* TASK INPUT:
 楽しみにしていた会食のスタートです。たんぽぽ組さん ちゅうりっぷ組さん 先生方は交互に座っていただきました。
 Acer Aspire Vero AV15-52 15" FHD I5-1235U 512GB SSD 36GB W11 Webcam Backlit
* * *
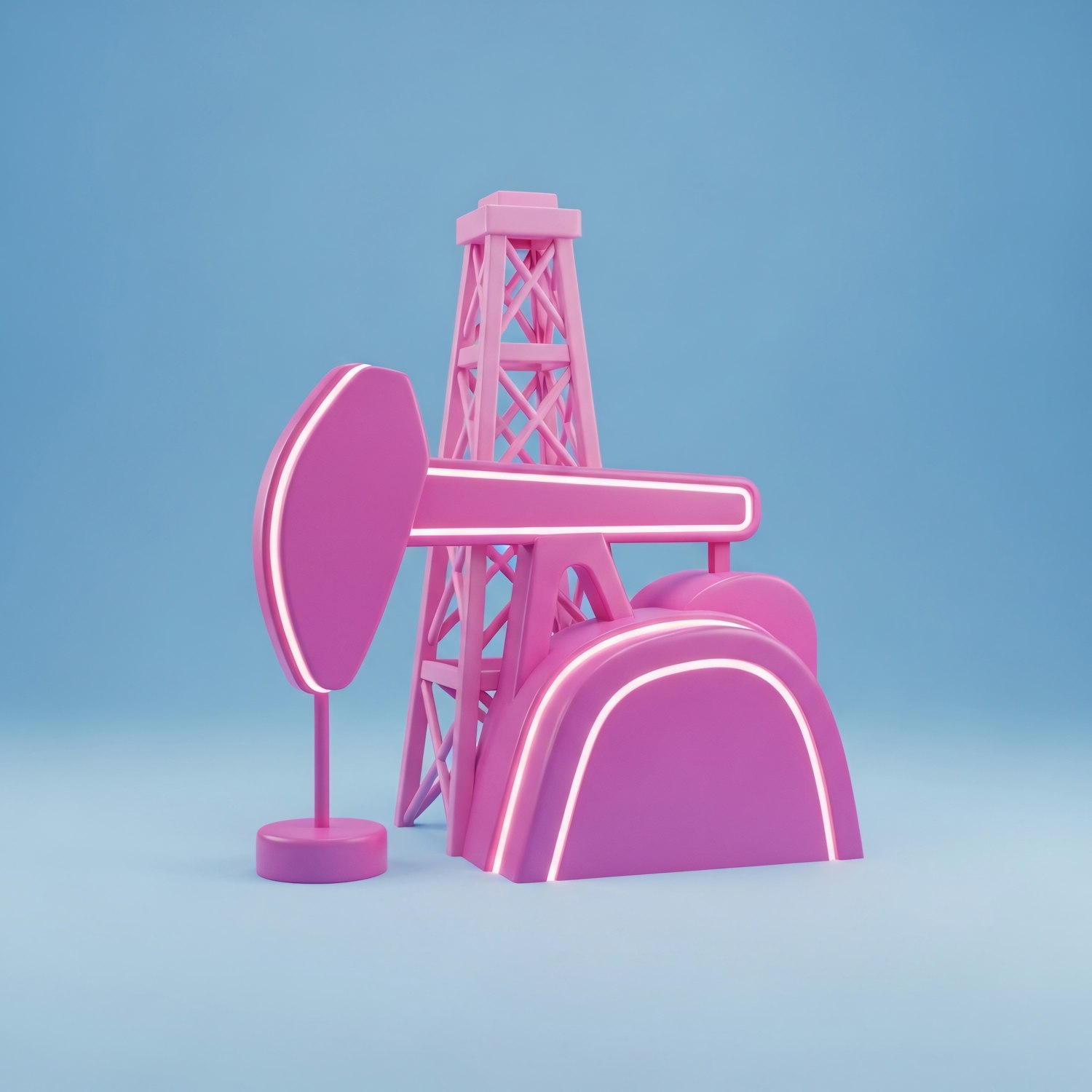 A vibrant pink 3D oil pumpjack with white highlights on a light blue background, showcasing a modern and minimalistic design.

* WORK REQUIRED: Write down, word for word, the lines above from the one containing "楽しみにしていた会食のスタートです。たんぽぽ組さん ちゅうりっぷ組さん 先生方は交互に座っていただきました。" through the one containing "Acer Aspire Vero", both ends included.

* REPLY:
 楽しみにしていた会食のスタートです。たんぽぽ組さん ちゅうりっぷ組さん 先生方は交互に座っていただきました。
 Acer Aspire Vero AV15-52 15" FHD I5-1235U 512GB SSD 36GB W11 Webcam Backlit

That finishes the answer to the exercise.